There are a few thousand sales points for Prada fragrances worldwide.
“Next year we will have very important launches in Prada, which for sure will take the brand further,” he said.
The two companies’ tie-up dates back to May 2003, when Prada Holding NV and Puig inked a 50-50 joint venture for the management of the Italian fashion company’s fragrance and skin-care business globally.
At the time, a priority was to organize Prada’s existing beauty and product makeup line into three main divisions: “multidose” items, mainly for basic skin care; “monodose” products, for specific treatments, and “minidose” units for color.
Other plans included a first fragrance for Prada, slated for a 2004 launch and to increase the brand’s product distribution substantially from its count of some 100 doors to 1,500 ultimately.
Then it was estimated the Prada beauty brand generated $10 million in wholesale revenues, according to industry sources.
Prada first entered the beauty business in September 2000, with the launch of Prada skin care.

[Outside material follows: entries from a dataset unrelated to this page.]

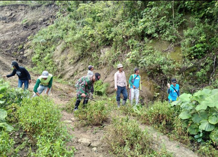 Babinsa Koramil 1407-11/Barebbo Bersama Warga Kerja Bakti, Bangun Talud Jalan Tani
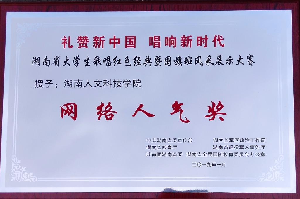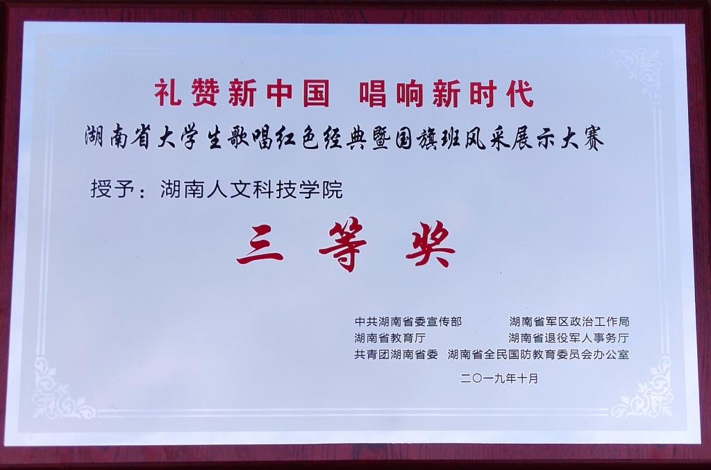 10月18日下午,以“礼赞新中国唱响新时代”为主题的湖南省大学生歌唱红色经典暨国旗班风采展示大赛颁奖典礼在湖南教育电视台举行。beat365荣获本次大赛三等奖及组织奖并喜获网络人气前三名。谢柳、胡坚毅、刘惠娟、周樑四名老师获得优秀指导老师奖。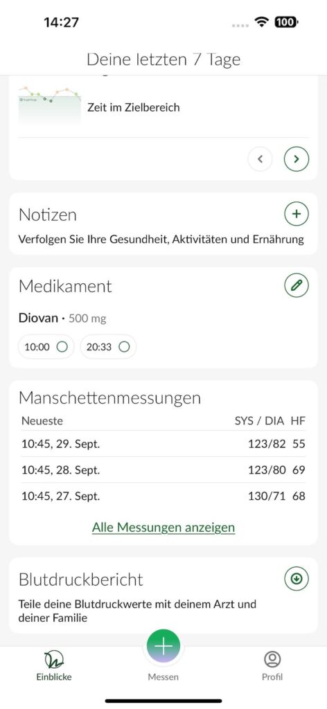 Die Funktion „Zeit im Zielbereich“ war früher den Abonnenten vorbehalten, steht jetzt aber allen Nutzer:innen offen. Hervorgehobene Kennzahlen zeigen, wie lange dein Blutdruck im gesunden Bereich bleibt – inklusive einer Erinnerung an deine Idealwerte. Farblich codierte Datenpunkte machen Ausschläge nach oben oder unten leicht erkennbar.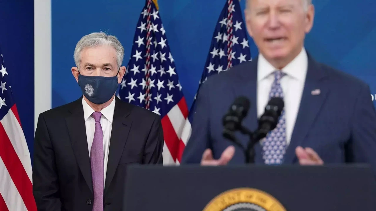 ABD Başkanı Joe Biden (önde) ve Fed Başkanı Jerome Powell (arkada)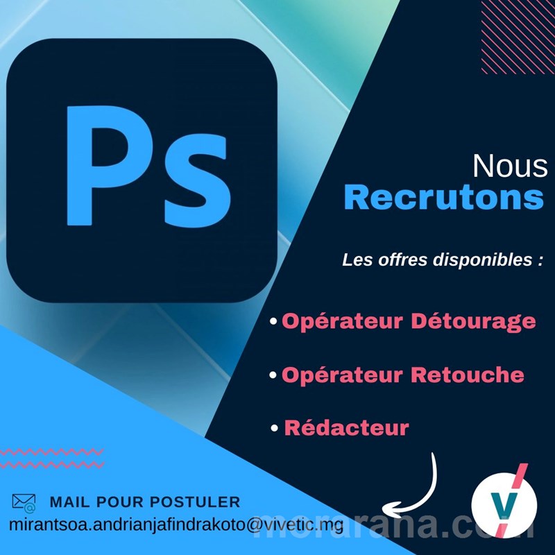 Pour postuler à ces merveilleuses offres d’emploi, il vous suffira de nous écrire un petit email à mirantsoa.andrianjafindrakoto@vivetic.mg en y joignant votre CV. a mirantsoa.andrianjafindrakoto@vivetic.mg

Its strategy broke all codes of traditional beauty brands, which typically hit the market with a fragrance. Instead, Prada dove straight in with treatment — and treatment not in jars or tubes, but in tiny unidose containers. Next up was color in the form of lip balms, rather than lipsticks.
But that strategy proved to be complicated for consumers, and the line was discontinued less than a decade after its introduction.
Puig has been on the acquisition trail of late. In mid-June, it snapped up Dries Van Noten, adding fuel to the speculation about the longevity of the Prada fragrance and beauty license.